The Ethiopian government had a veneer of democracy, including an elected parliament. Haile Selassie had initiated efforts at modernization, including providing education to a largely illiterate populace…. William Hershey writes
By William Hershey (Akron Beacon Journal) |
COLUMBUS, OH―President Donald Trump’s outspoken support for the protesters in Iran brought back memories of half a century ago when hundreds of Peace Corps teachers in Ethiopia, including me, were confronted with a dilemma.
For Trump, the concern is that the president’s bellicose tweets could backfire and give Iranian authorities an excuse to blame the protests on the Americans, still regarded as evil even by some critics of the regime.
In Ethiopia, the challenge was whether to stick to our assigned tasks — mostly teaching English, a key to further education and jobs — or also to provide our students with a vision of a society that could provide more freedom and opportunities than theirs.
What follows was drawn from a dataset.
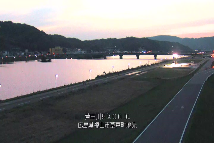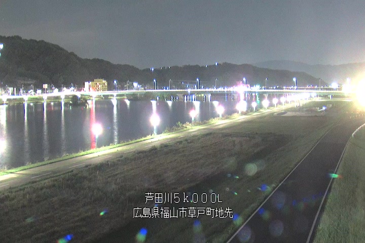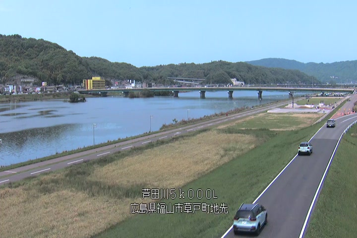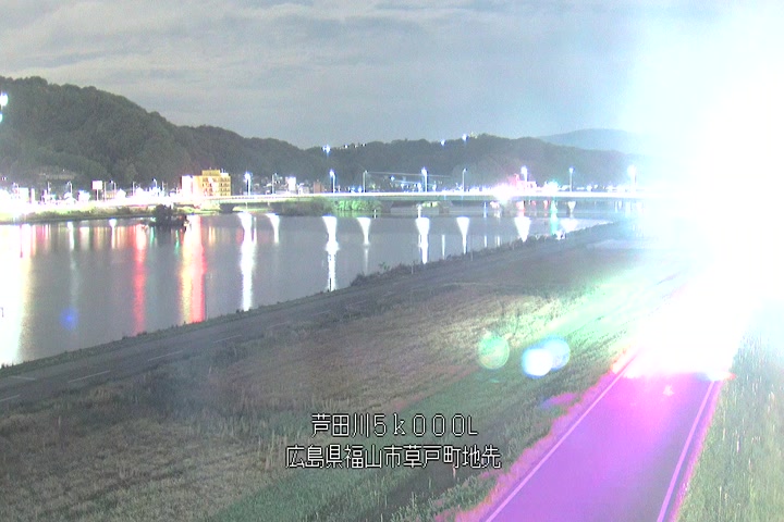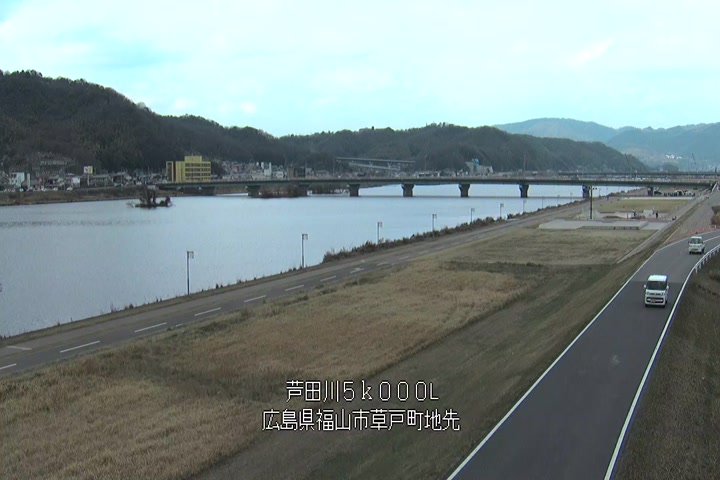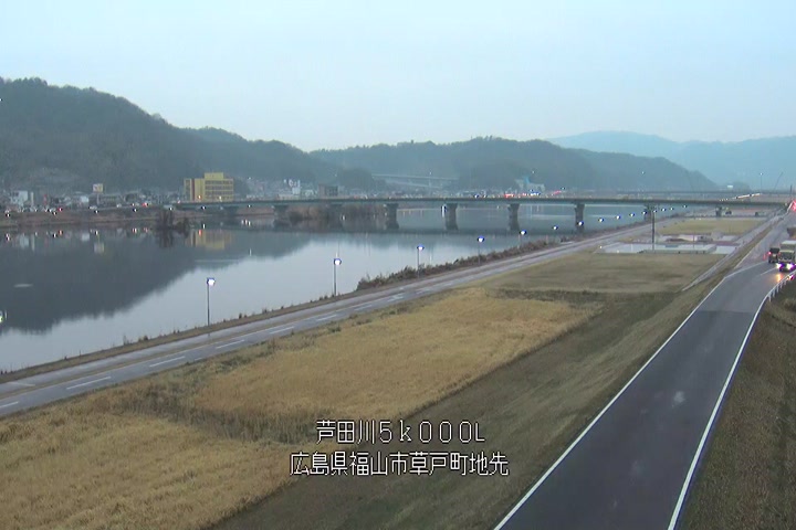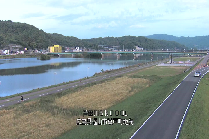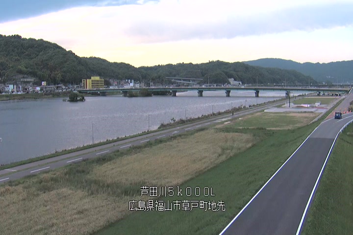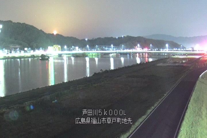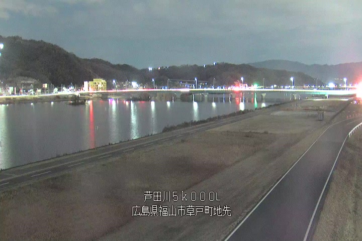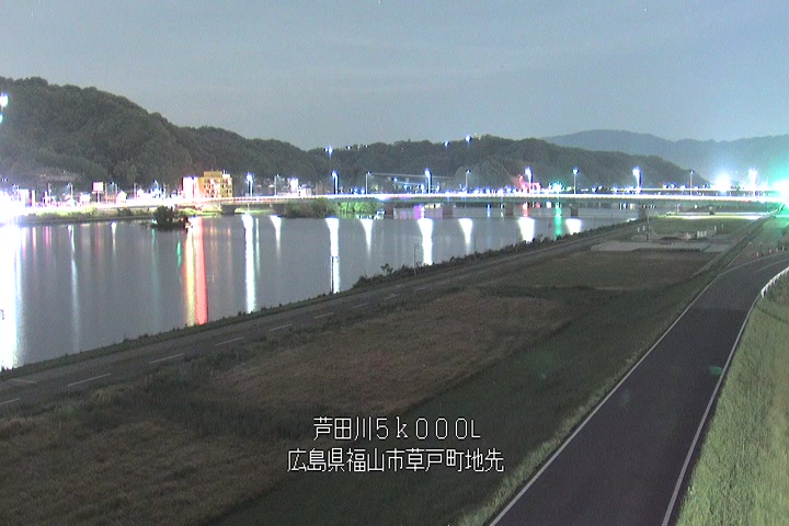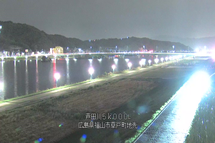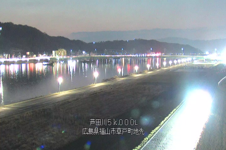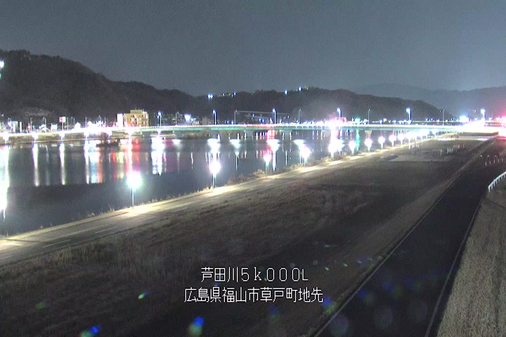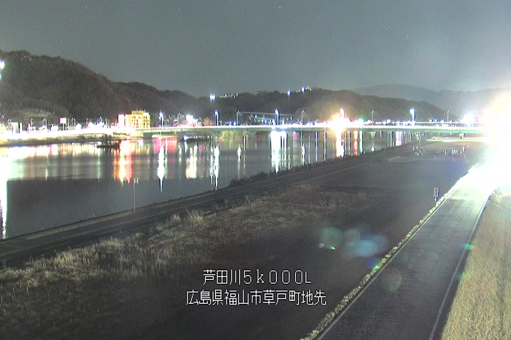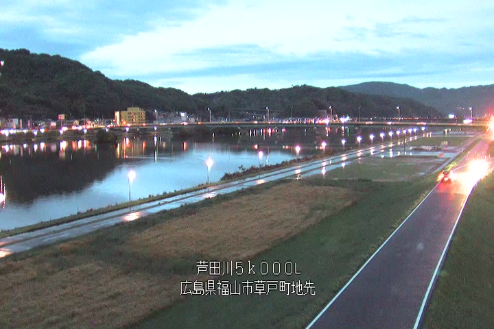 福山市草戸(下流部)の過去6日分(6時間毎)の河川映像を提供しています。

I was the only foreigner on the faculty and mostly stuck to teaching but also pulled off a dirty clothes subterfuge. More about that later.
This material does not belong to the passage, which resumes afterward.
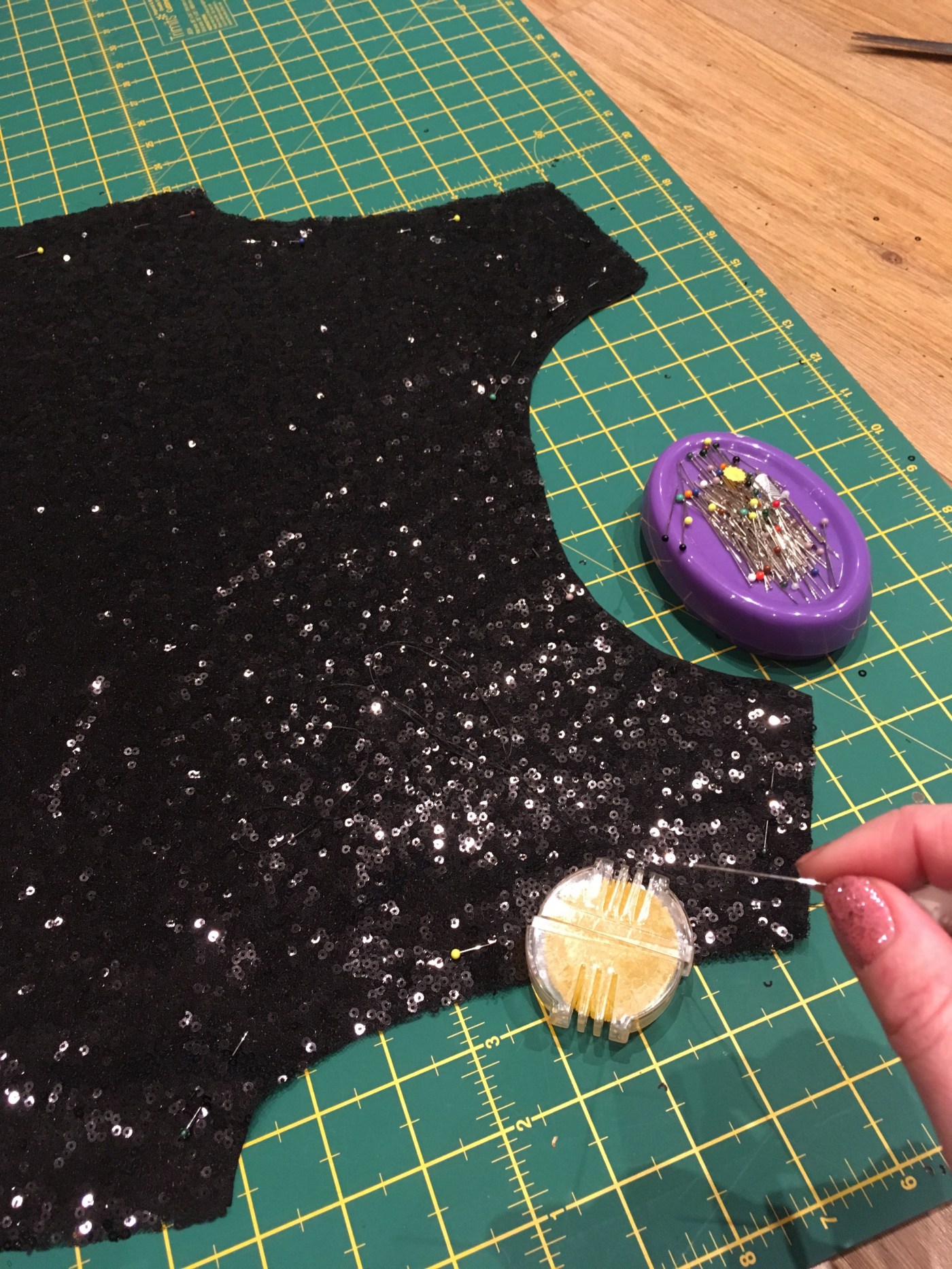 I did worry about the needle choice, but went with the ballpoint needle (80) that I would normally use for the scuba and I got away with it, probably because the sequins are really small.

When we landed in Addis Ababa, the Ethiopian capital, in 1968, we were transported back in time to a feudal regime ruled by Emperor Haile Selassie, King of Kings, Lord of Lords and Conquering Lion of the tribe of Judah.
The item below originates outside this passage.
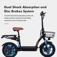 | Προσδιορισμός | Ισχύς κινητήρα: 250 W (μετά το ξεκλείδωμα: 500 W) Ροπή: 50 Nm Χωρητικότητα μπαταρίας: 48 V 17,5 Ah Μέγιστη ταχύτητα: 25 km/h (μετά το ξεκλείδωμα: 32 km/h) Ταχύτητες διέλευσης: 15 km/h, 20 km/h, 25 km/h Μέγιστη αυτονομία: 100 km Αναρρίχηση: ≤10° Σύστημα ανάρτησης: Πιρούνι ανάρτησης + μηχανικό αμορτισέρ Φρένα: Διπλά μηχανικά δισκόφρενα 140mm Χρόνος φόρτισης: 6 έως 8 ώρες Ελαστικά: Ελαστικά πεπιεσμένου αέρα 14 ιντσών Χωρητικότητα φόρτωσης: 120 kg Αναδιπλούμενο τιμόνι: Ναι |

The emperor’s picture was everywhere, in public buildings, bars and restaurants. He was not just Haile Selassie, but His Imperial Majesty Haile Selassie.
The Ethiopian government had a veneer of democracy, including an elected parliament. Haile Selassie, a hero to many around the world for his country’s resistance to Italy in World War II, had initiated efforts at modernization, including providing education to a largely illiterate populace.
Still, the emperor and his allies lived lives of unbelievable luxury in a country where many people struggled to survive.
Our guidance from Peace Corps officials was clear. We were guests of the Ethiopian government, feudal or not, and encouraged to keep political opinions to ourselves.